- Directions for this task:
Look through the data below for the line with "阻塞:阻塞态 非阻塞:就绪态、运行态 理想状态:我们应该让我们的写的代码永远处于就绪态和运行态之间切换最理想的组合就是" and the line with "22-26 มกราคม 2567", then transcribe exactly from the first through the second, leaving out all pictures.

- Exercise data:
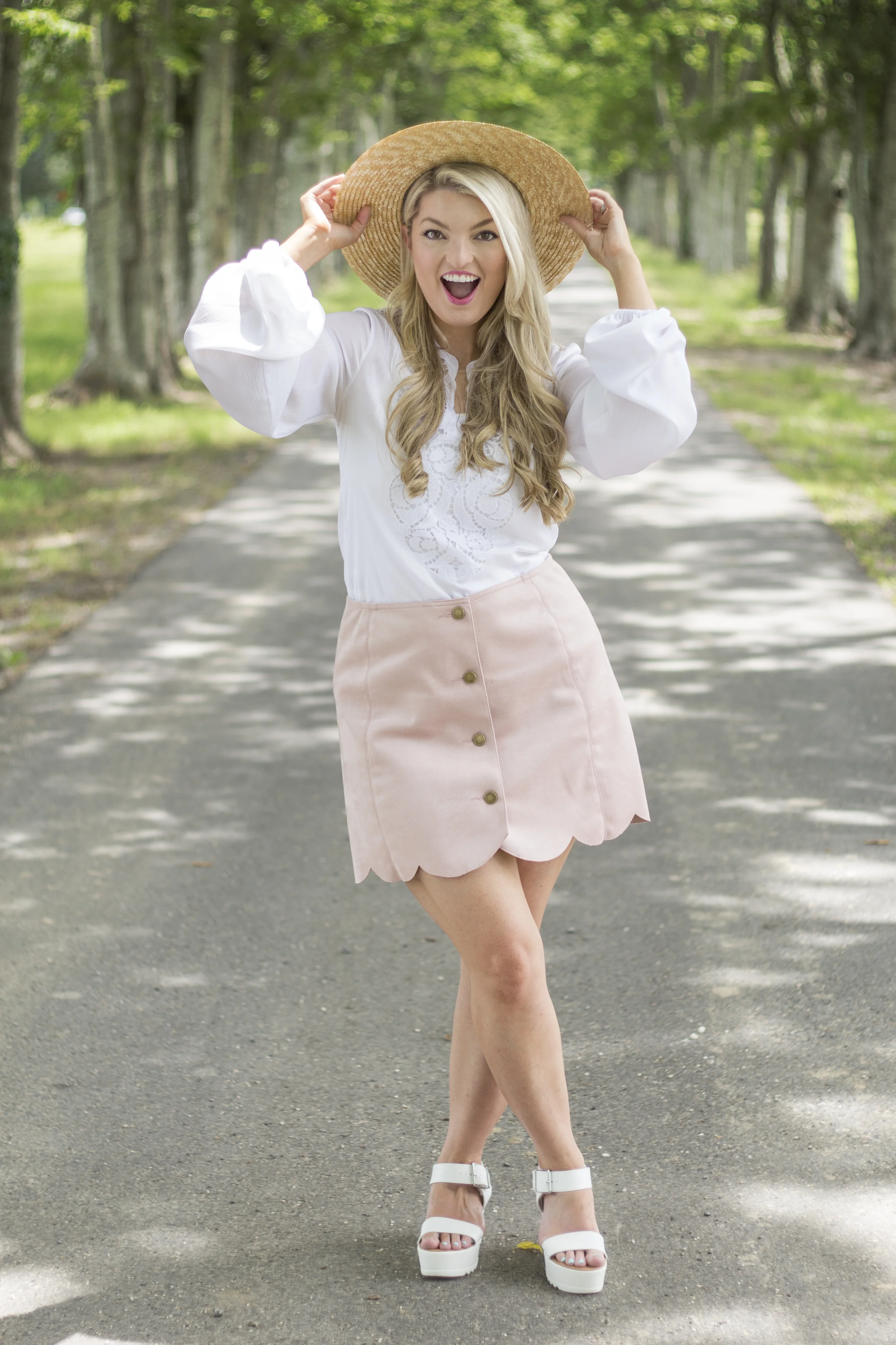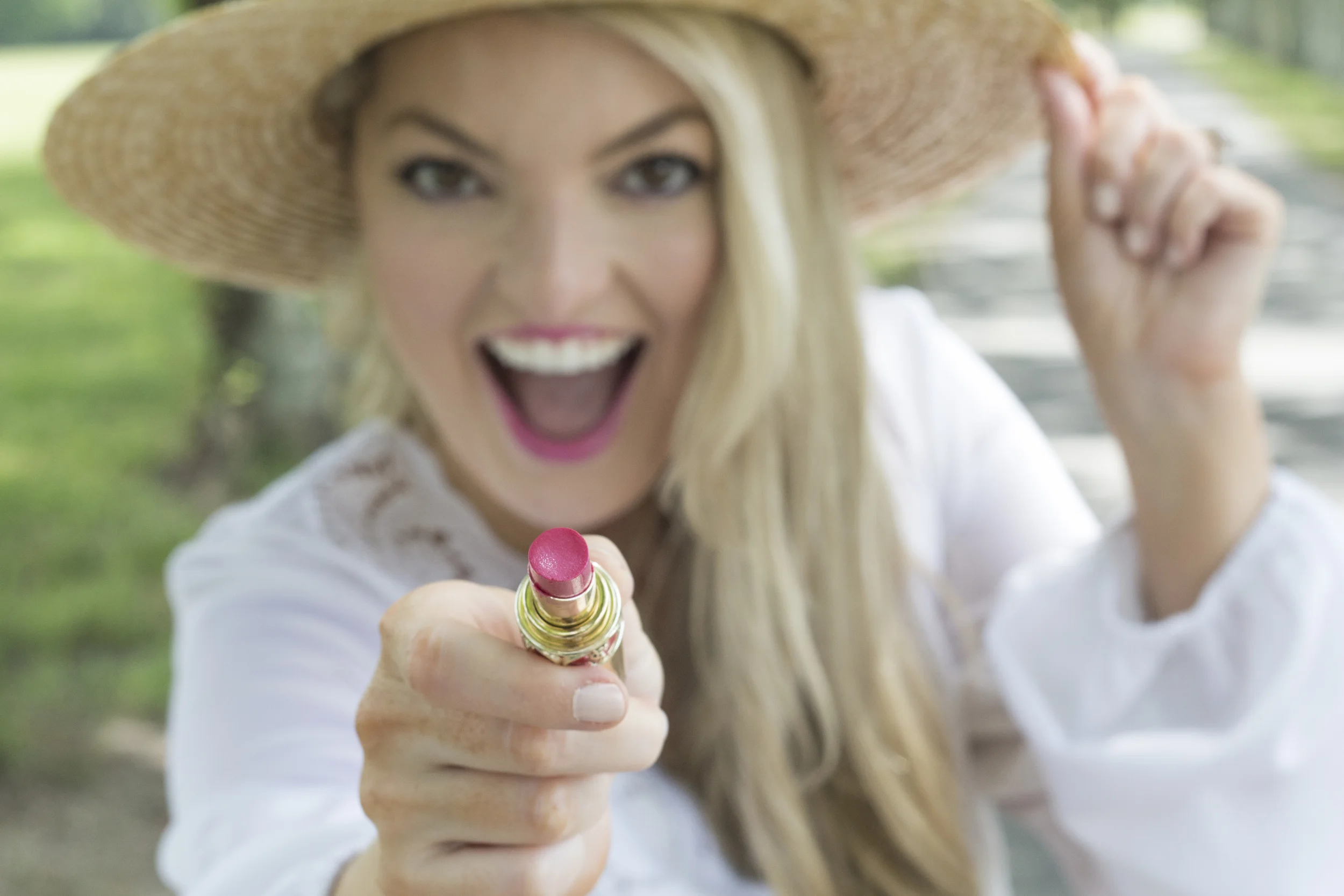 Finally to top off this ultra feminine look I added my favorite straw boater hat from American Eagle. This hat has become my go to staple this summer. It adds the perfect Parisian feel to any look. This outfit was made complete by my favorite YSL lipstick and my oversized white sunglasses!
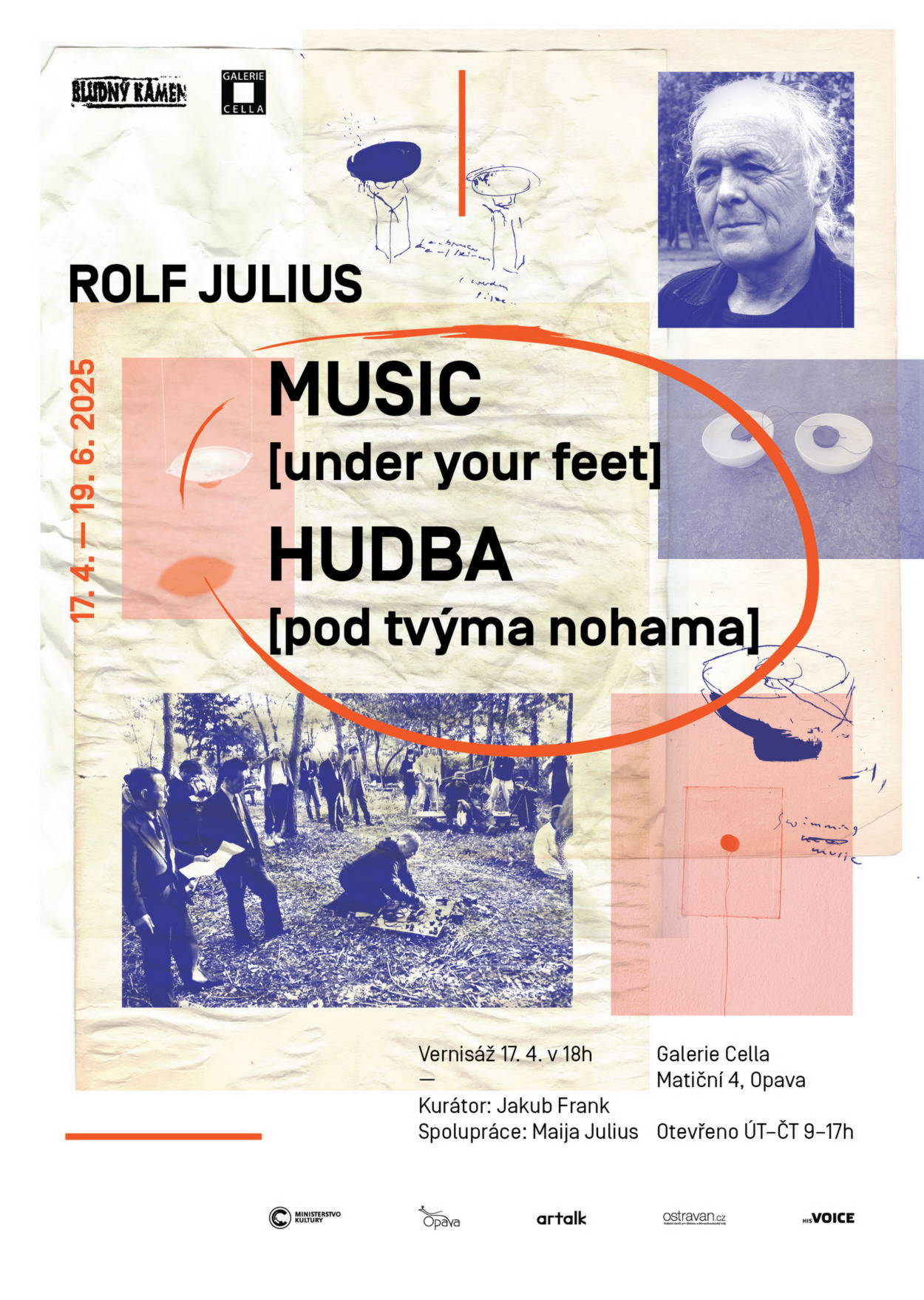 Bludný kámen pokračuje ve své výstavní sérii věnované průkopníkům evropského zvukového umění. V opavské Galerii Cella představí dílo německého umělce Rolfa Juliuse, který od 80. let 20. století zásadním způsobem přetvořil vnímání vztahu mezi obrazem a zvukem. Výstava Hudba [pod tvýma nohama] je vůbec první samostatnou prezentací jeho tvorby v České republice.
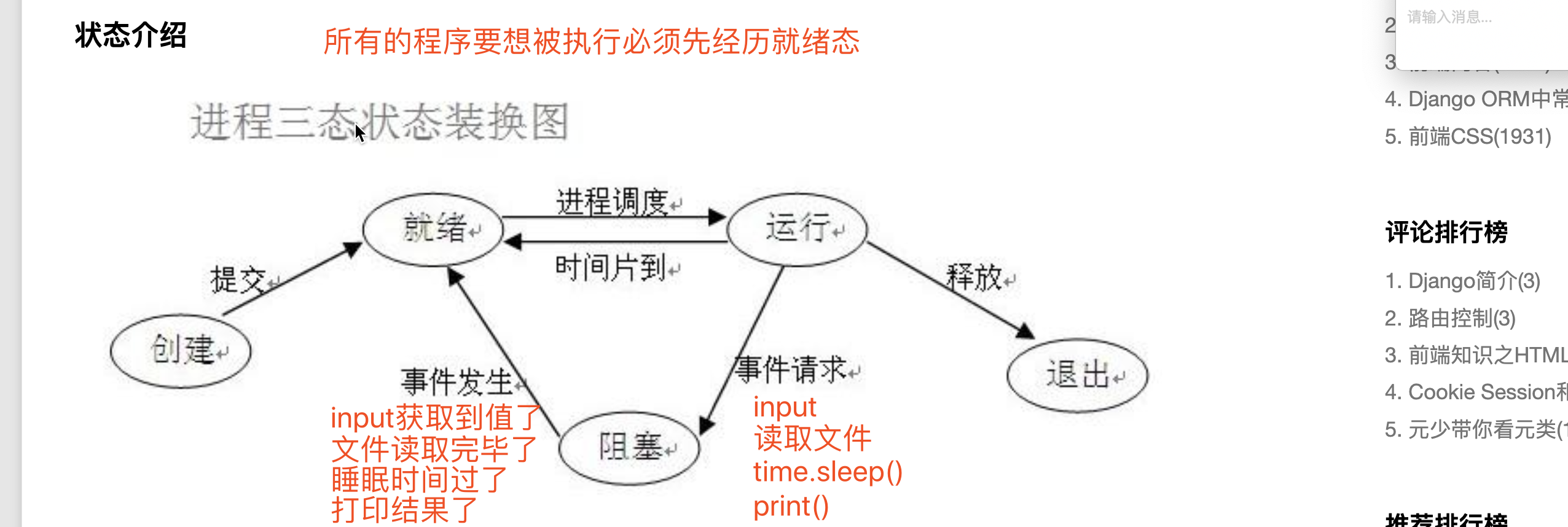 """描述的程序的运行状态""" 阻塞:阻塞态 非阻塞:就绪态、运行态 理想状态:我们应该让我们的写的代码永远处于就绪态和运行态之间切换最理想的组合就是
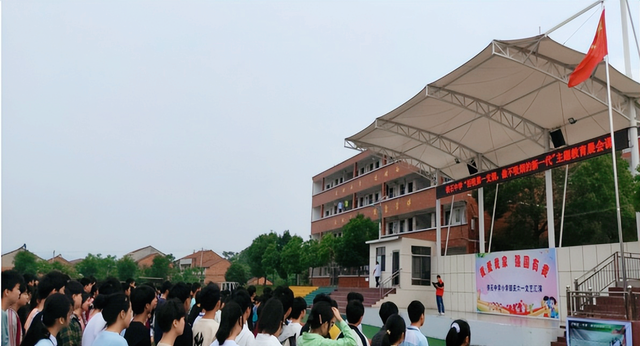 然后,七年级四班学生毛守卿代表全体同学发出倡议,表明拒绝吸烟的决心,并带领大家宣誓:拒吸第一支烟,做新时代好少年。
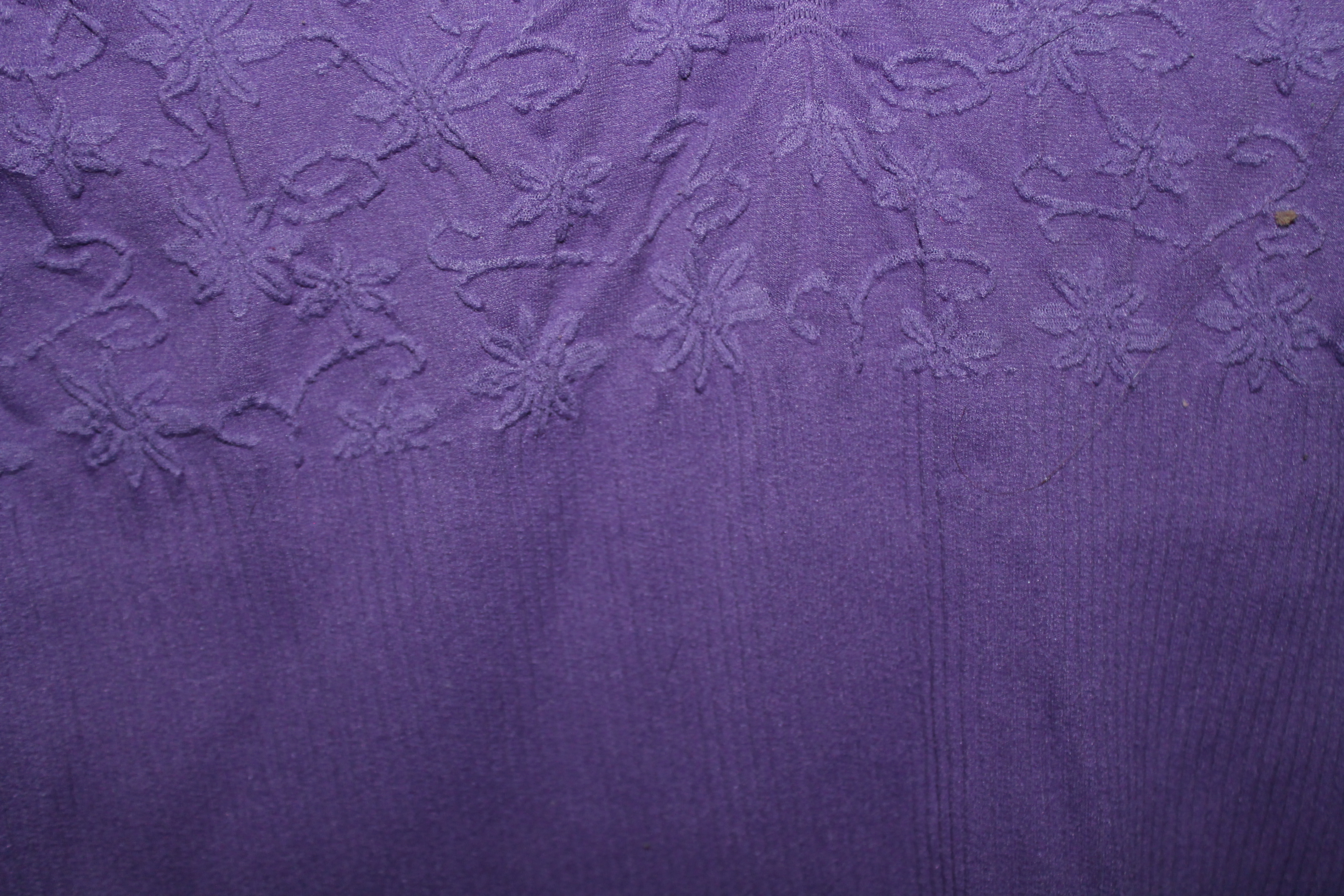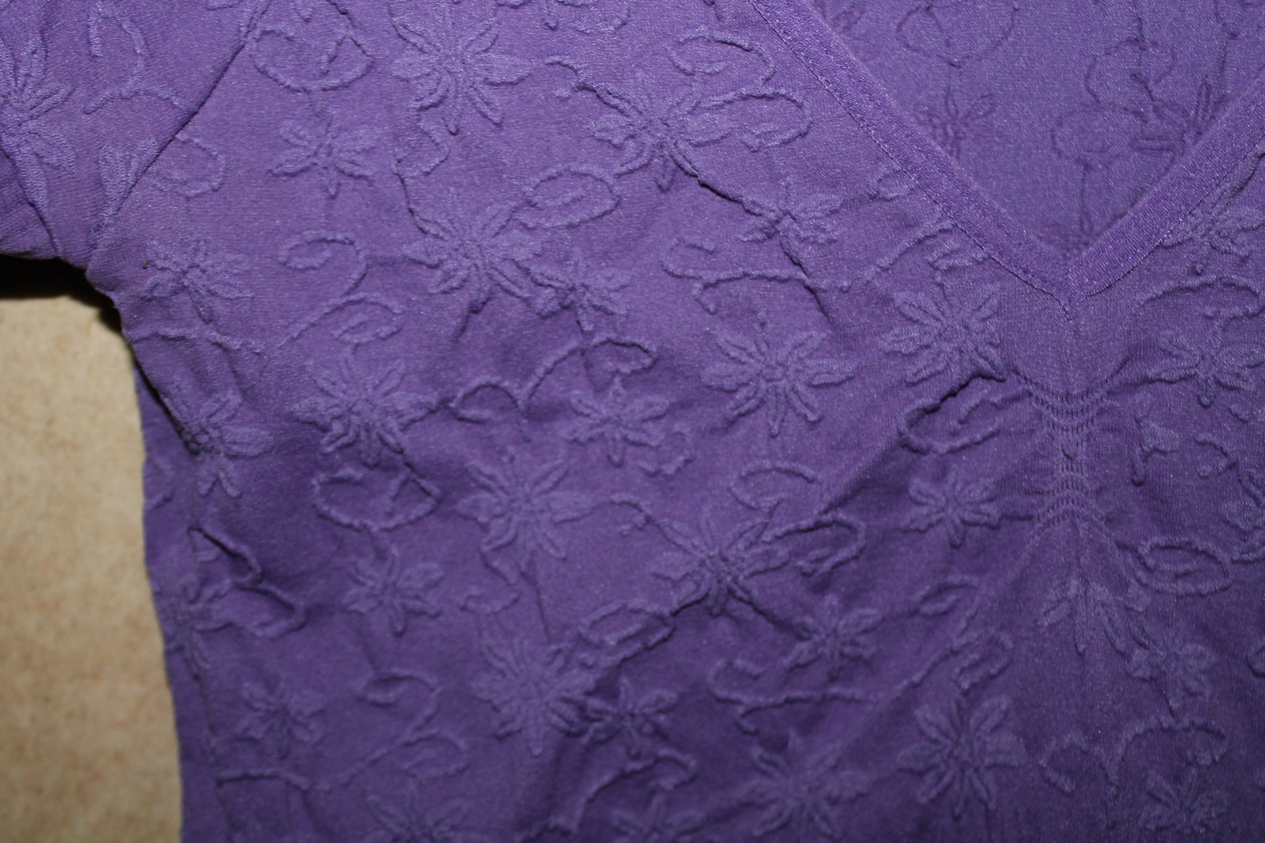 S/M Purple Shirt Indented Floral Design with Contrast Indented Vertical lines
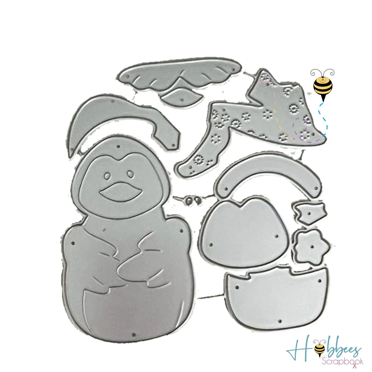 - 9 Suajes para armar un pingüino. El cuerpo del pinguino mide 7 x 4.5cm
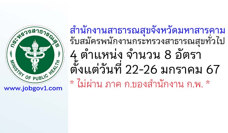 สำนักงานสาธารณสุขจังหวัดมหาสารคาม รับสมัครพนักงานกระทรวงสาธารณสุขทั่วไป 8 อัตรา ตั้งแต่วันที่ 22-26 มกราคม 2567
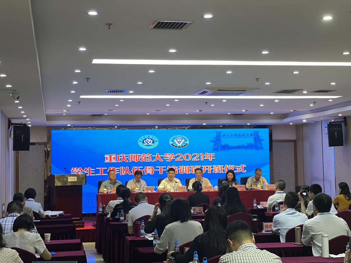 重庆师范大学党委副书记陈志军,365英国上市官网副校长武友德,重庆师范大学党委学工部部长、学生处处长侯明志,重庆师范大学团委书记高菁励,教育部高校思想政治工作队伍培训研修中心(365英国上市官网)办公室段剑金副主任出席开班仪式,重庆师范大学二级学院党委副书记、学工办主任、学工骨干、学生处和校团委科级以上干部参加培训。会议由教育部高校思想政治工作队伍培训研修中心(365英国上市官网)办公室李正升主任主持。

- Exercise result:
 """描述的程序的运行状态""" 阻塞:阻塞态 非阻塞:就绪态、运行态 理想状态:我们应该让我们的写的代码永远处于就绪态和运行态之间切换最理想的组合就是
 然后,七年级四班学生毛守卿代表全体同学发出倡议,表明拒绝吸烟的决心,并带领大家宣誓:拒吸第一支烟,做新时代好少年。
 S/M Purple Shirt Indented Floral Design with Contrast Indented Vertical lines
 - 9 Suajes para armar un pingüino. El cuerpo del pinguino mide 7 x 4.5cm
 สำนักงานสาธารณสุขจังหวัดมหาสารคาม รับสมัครพนักงานกระทรวงสาธารณสุขทั่วไป 8 อัตรา ตั้งแต่วันที่ 22-26 มกราคม 2567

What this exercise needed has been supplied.